I do not understand your question. CCl4 is not protective. It is a zone 3 toxin. This means that it kills the hepatocytes that under low oxygen tension express the p450s (cyp) that are largely responsible for making insoluble molecules soluble. Can you be more specific on the foam (time course and appearance).
If you want to measure cell death by necrosis, Joao is very correct. Measure the activity or amount of hepatocyte specific enzymes in solution by either initial rate measurements or westerns. I would avoid the bilirubin because even live hepatocytes will secrete so background will be high and dynamic range for observations will be small.
Thanks for all for your advices. May be I incorrectly formulated my question.
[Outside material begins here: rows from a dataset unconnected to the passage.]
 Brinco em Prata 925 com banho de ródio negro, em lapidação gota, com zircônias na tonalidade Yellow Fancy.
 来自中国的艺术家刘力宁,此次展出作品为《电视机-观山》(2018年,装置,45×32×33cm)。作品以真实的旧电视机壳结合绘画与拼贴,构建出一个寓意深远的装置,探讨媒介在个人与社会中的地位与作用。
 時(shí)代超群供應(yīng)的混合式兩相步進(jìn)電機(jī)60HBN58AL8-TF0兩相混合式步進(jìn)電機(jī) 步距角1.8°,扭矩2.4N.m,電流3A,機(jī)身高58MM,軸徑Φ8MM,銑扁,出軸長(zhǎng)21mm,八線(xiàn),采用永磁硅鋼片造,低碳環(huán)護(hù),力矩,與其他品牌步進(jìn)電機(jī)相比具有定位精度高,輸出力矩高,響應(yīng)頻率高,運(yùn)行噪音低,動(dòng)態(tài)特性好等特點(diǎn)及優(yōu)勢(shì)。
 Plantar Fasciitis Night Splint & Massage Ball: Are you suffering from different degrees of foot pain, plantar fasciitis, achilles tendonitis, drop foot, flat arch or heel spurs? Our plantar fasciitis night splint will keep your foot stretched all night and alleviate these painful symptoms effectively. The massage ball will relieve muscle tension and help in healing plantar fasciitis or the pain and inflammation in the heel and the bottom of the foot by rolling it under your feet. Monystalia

My question is that I cannot achieve absolutely solubility of CCL4 in nutrient medium (how I can achieve absolutely solubility of CCL4 in nutrient medium?).
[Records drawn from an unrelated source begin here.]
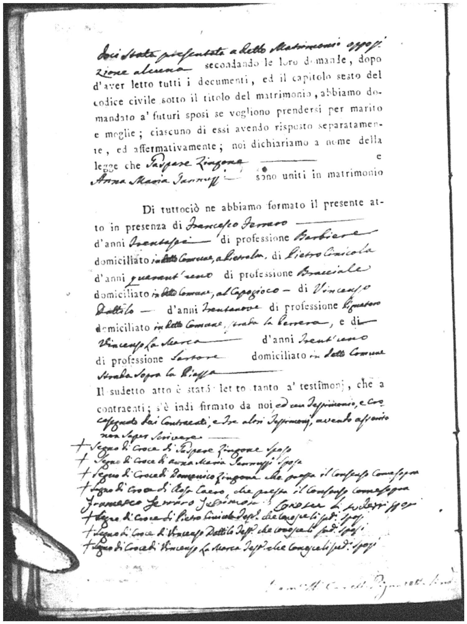 | Crivaro | Francesco | Giuseppe (fu) | Zingone | Rosaria | Sansosti | Teresa | Vincenzo (fu) | Paglilla | Serafina |
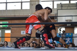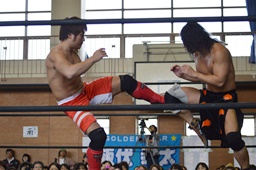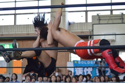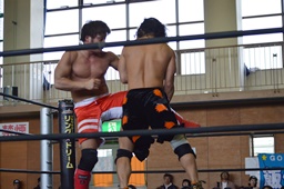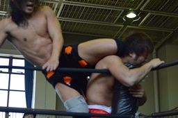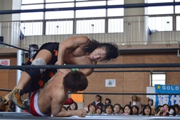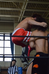 高梨ロープに振る、中津ショルダーブロック(右写真)。コーナーで逆水平の打ち合い。
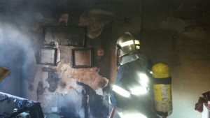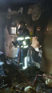 Bomberos, con equipos de respiración autónoma y cámara térmica, accede a la vivienda y localiza el salón en llamas. Se procede a su control y extinción. Ha sido necesario utilizar 500 litros de agua para completar la extinción. El fuego ha afectado al mobiliario y enseres del salón y los materiales en combustión han generado una alta carga de temperatura y de humo que ha hecho estallar cristaleras de la estancia y afectar a revestimientos de escayola de techos y paredes. El resto de la casa por humo y temperatura. Una vez extinguido, Bomberos procede a evacuación forzada de humo con turboventilador, tanto de la vivienda como de las zonas comunes (escaleras y hueco de ascensor). También se localiza a varios perros, en un piso superior, que se encontraban bien. 5 Bomberos y una actuación que se ha prolongado durante una hora
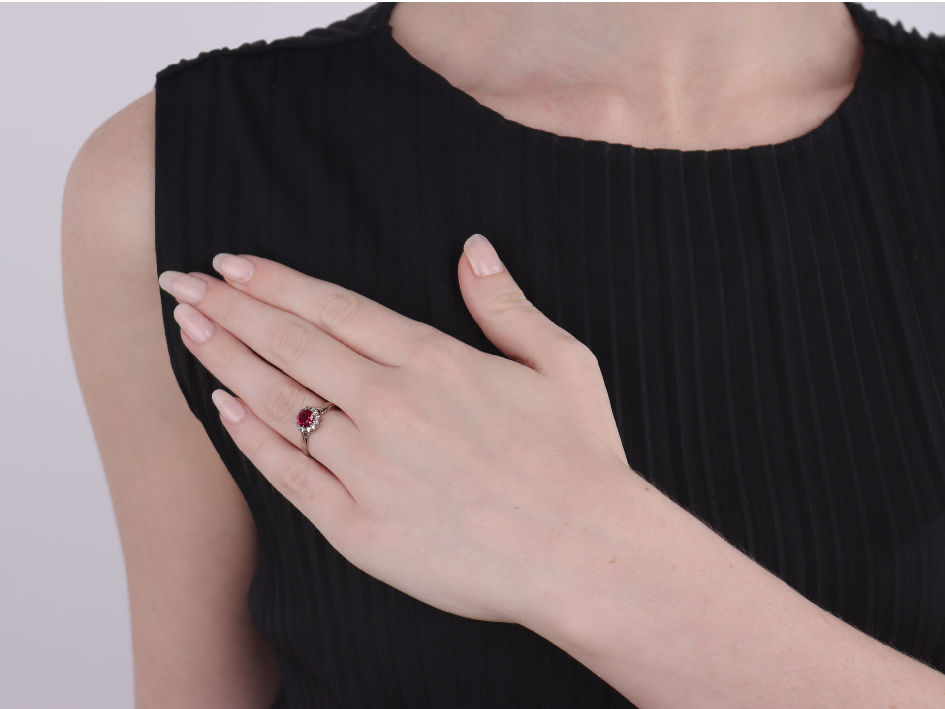 Gemstone Ruby, Old Cut, approximately 0.7ct 12 x Diamonds, Eight Cut, approximately 0.3ct total
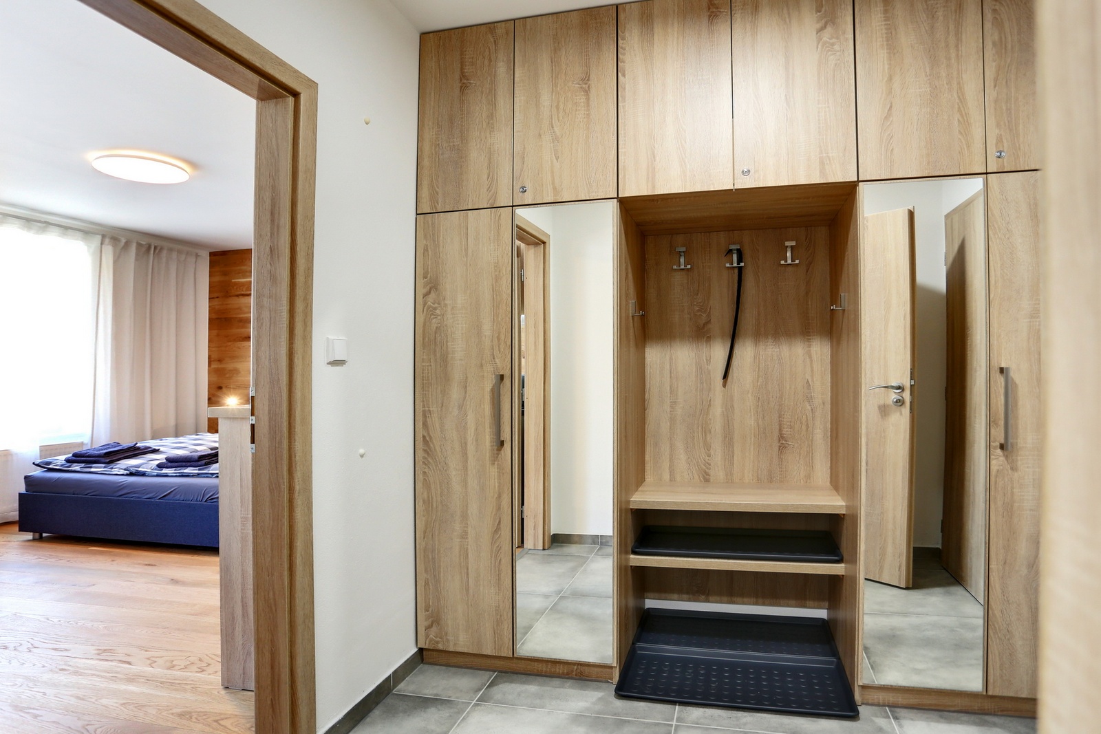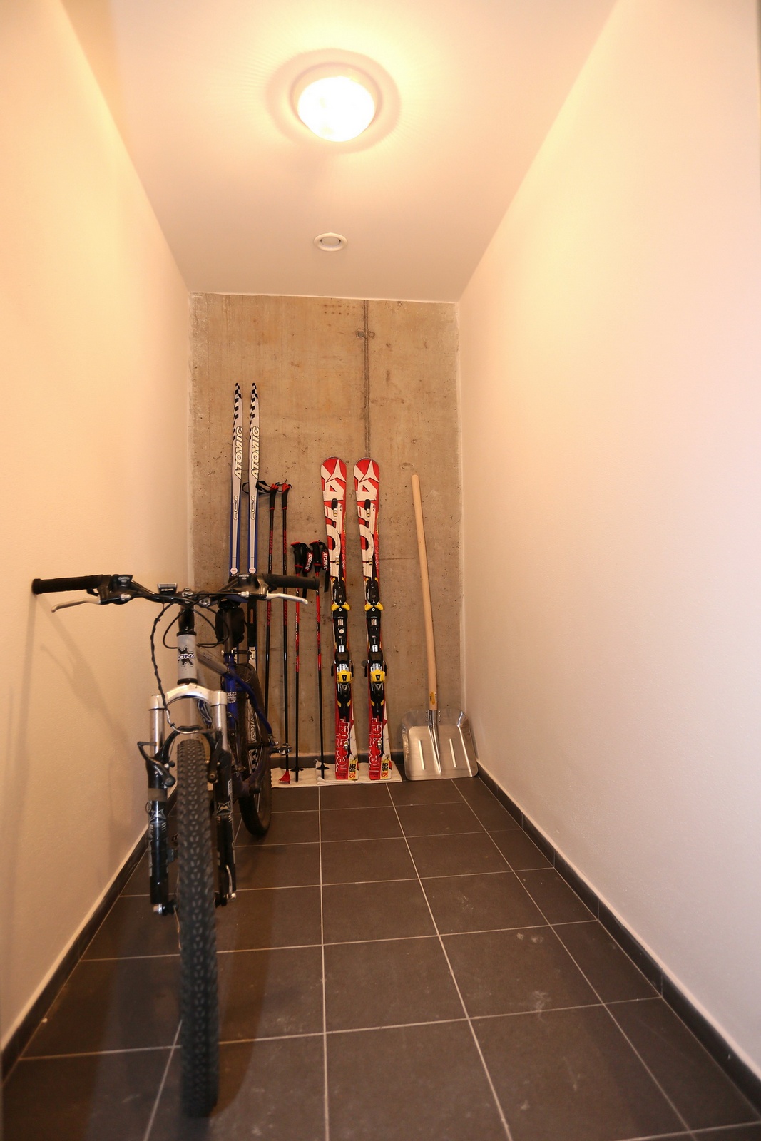 K apartmentu náleží i uzamykatelná suchá a čistá, vyzděná sklepní kóje, kde si můžete bezpečně uschovat jízdní kola nebo lyže. Je zde i zásuvka 220V pro nabíjení elektrokol.
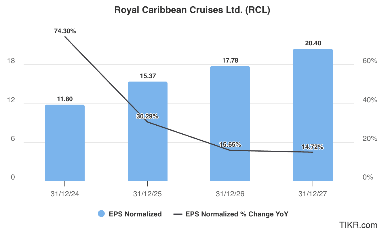 Analysts tracking RCL stock expect its sales to rise from $16.5 billion in 2024 to $21.4 billion in 2027. Comparatively, adjusted earnings are forecast to increase from $11.80 per share to $20.40 per share in this period.
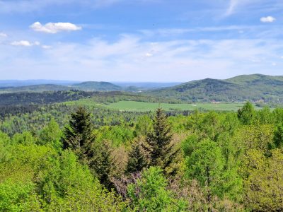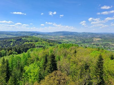 * z Męciny Wielkiej – za znakami wspomnianego już szlaku zielonego. Start przy cerkwi (jest parking). Ładna, widokowa wycieczka.

Well now your question makes sense to me. If you treat an animal with CCl4, mix it 1:1 with corn oil and ip inject. If you want to treat cells then make a 5 % solution of CCl4 with ethanol I suspect that the DMSO solvent will work well too but you need to go to lower concentration of CCl4 than you are using now. Keep the total addition of ethanol/DMSO below 2% of the culture. Be sure to have a EtOH/DMSO only control.
Your treatment with 0.5% is extremely high. The "foam" you see is likely the membranes being turned into "soap" via the free radical damage. Do a does response curve with whatever CCl4/EtOH stock you make to determine your LD50. 0.35 ul of CCl4 per ml of culture will lay waste to your hepatocytes in the order of 2 hours.